The charger voltage probably does bounce up, but when it does the charger then shuts off it's output, so then you are reading the "leakage" out of the BMS FETs. With no load on the port to drain the "ghost charge" on the port, it will read approximately the same as the voltage on the "inside" of the port, at the pack. This isn't always the case, but it's common.
It seems odd without knowing how they work inside, but FETs aren't really the same as a real switch or relay, they are semiconductors, so they always have some leakage since no physical connection is actually broken by them. Many chargers actually use a relay on their output for this reason, to ensure they are actually disconnected under whatever conditions they are designed to do so.
The old charger died of natural causes (fatigue on main coil fixing due vibration of being carried around with the scooter caused SC)
charg.jpg
Oops.
We've seen that type of failure before with inductors, capacitors, and even transformers not secured to the PCB.
Some of us use potted chargers partly for that reason, like the adjustable Meanwell HLG-600H-54A LED PSU I use on the SB Cruiser trike, mounted underneath it. (potted ones are also usually waterproof, an added bonus).
The range of the battery has dropped from 55km to 40km in last 50-70 charging cycle. Based on mileage on the scooter, the battery pack has seen about 250-300 charging cycles. This made me think that is there issues with charging or the battery.
That's a pretty low amount of cycles for a "good" LiFePO4, usually you'd see 3-4 times that many before severe degradation. (Li-Ion on the other hand may only survive 100-300 cycles, depending on the specific cell, usage, etc.; some are much better than that).
The lower the proportion of battery capacity that is used each cycle, the more cycles you'll get, regardless (and usually the less balancing issues you'll have, because they are less stressed at the extremes of voltage). Meaning, if you only charge up to say, 80-90% full, and only discharge to say, 20-30% full, you might see quite a lot longer lifespan. Depends on the specific cells, and also the usage conditions (how much current is pulled especially at lower states of charge, vs what the cells are designed for). In this case, you haven't really got any way to know what the cell specs are (even if the battery seller had a rating for them, you can't really trust it; you'd need to have manufacturer specs to know what they would really be--sellers often say anything to get you to buy something
).
There are a lot of threads about extending lifespan of cells/batteries, with varied info depending on experience of the posters. I have not attempted to quantify any of my own battery experiences this way, so am only posting generalities of what I've read of other's.

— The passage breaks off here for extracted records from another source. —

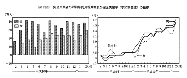 完全失業率(労働力人口に占める完全失業者の割合)は四・七%で、前年同月に比べ一・〇ポイントの上昇となっている。男女別にみると、男性は四・七%、女性は四・六%で、前年同月に比べ男性は〇・九ポイント、女性は一・一ポイントの上昇となっている。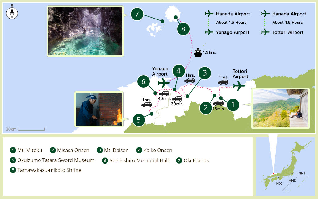 The San’in Region, encompassing Tottori and Shimane Prefecture, lies along the Sea of Japan. With deep ties to Japan’s creation mythology, it has long been revered as the gathering place of the gods. For centuries, the verdant forests, rugged coastlines, and soaring peaks of San’in have inspired a rich cultural heritage, from mountain asceticism to gleaming swords forged by master craftsmen and delicate washi paper hand-made with exquisite technique. Drawn by the allure of this storied land, we set out to explore its pristine landscapes and age-old traditions.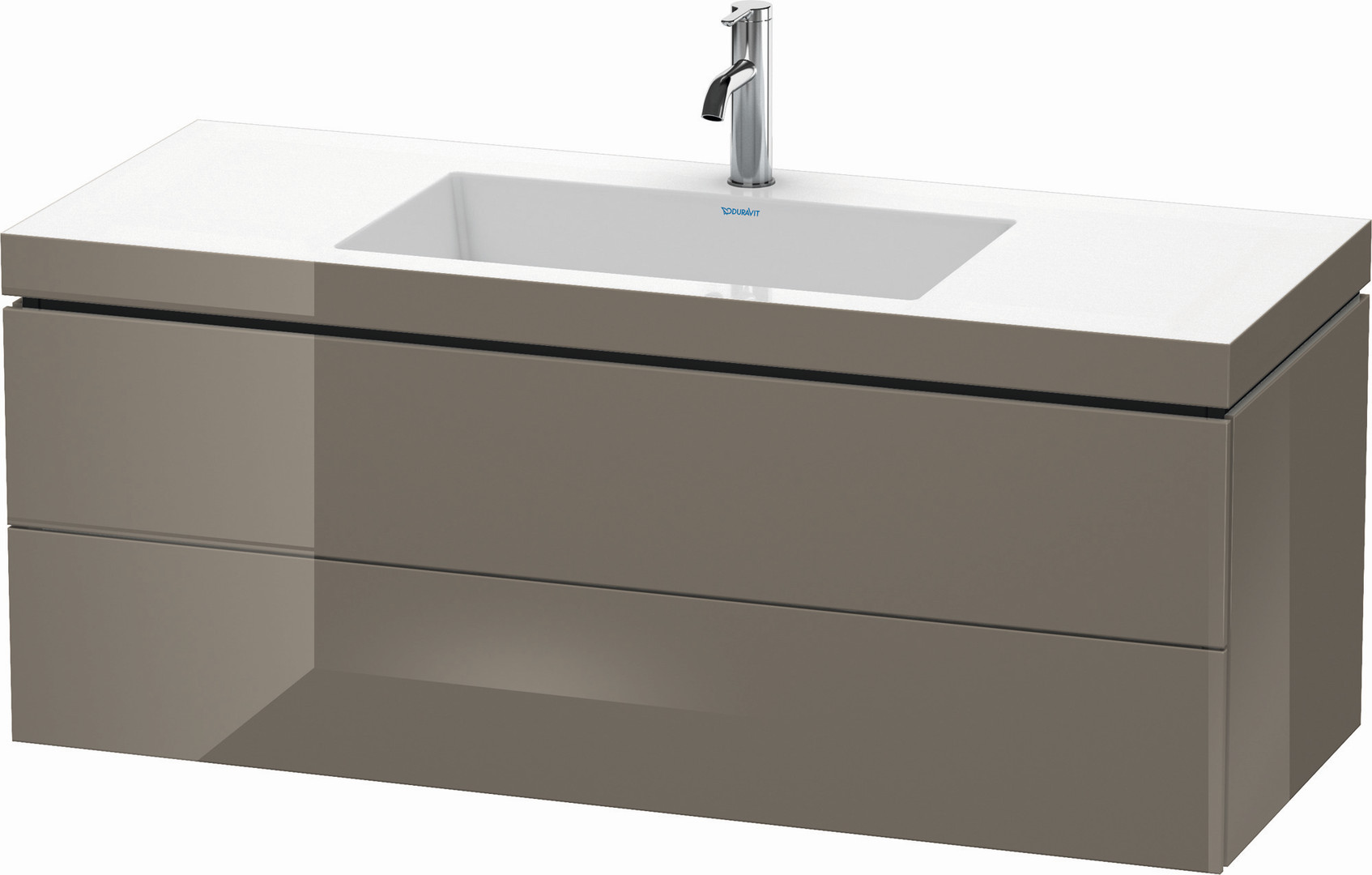 Duravit Waschtisch-Unterschrank c-bonded L-Cube 120 x 48 cm, 1 Hahnloch, flannel grey hochglanz, 2 Schubkästen, wandhängend

If I understood correctly there is no point fine-tune the charger unless I replace the BMS? Is there point on replacing BMS or is the pack just so degraded? What do you think?
Yes, there isn't any reason to fine tune it if the BMS doesn't do balancing anyway. A lower voltage is actually better in this case, because the cells risk less overcharge in the event of imabalance severe enough to cause that.
Replacing the BMS may help the pack's usefulness *if* it has a balance issue now. If it does not, a balancing BMS has nothing to fix, and it's just degraded cells causing the problem, so replacing the pack would be the only real option to fix that.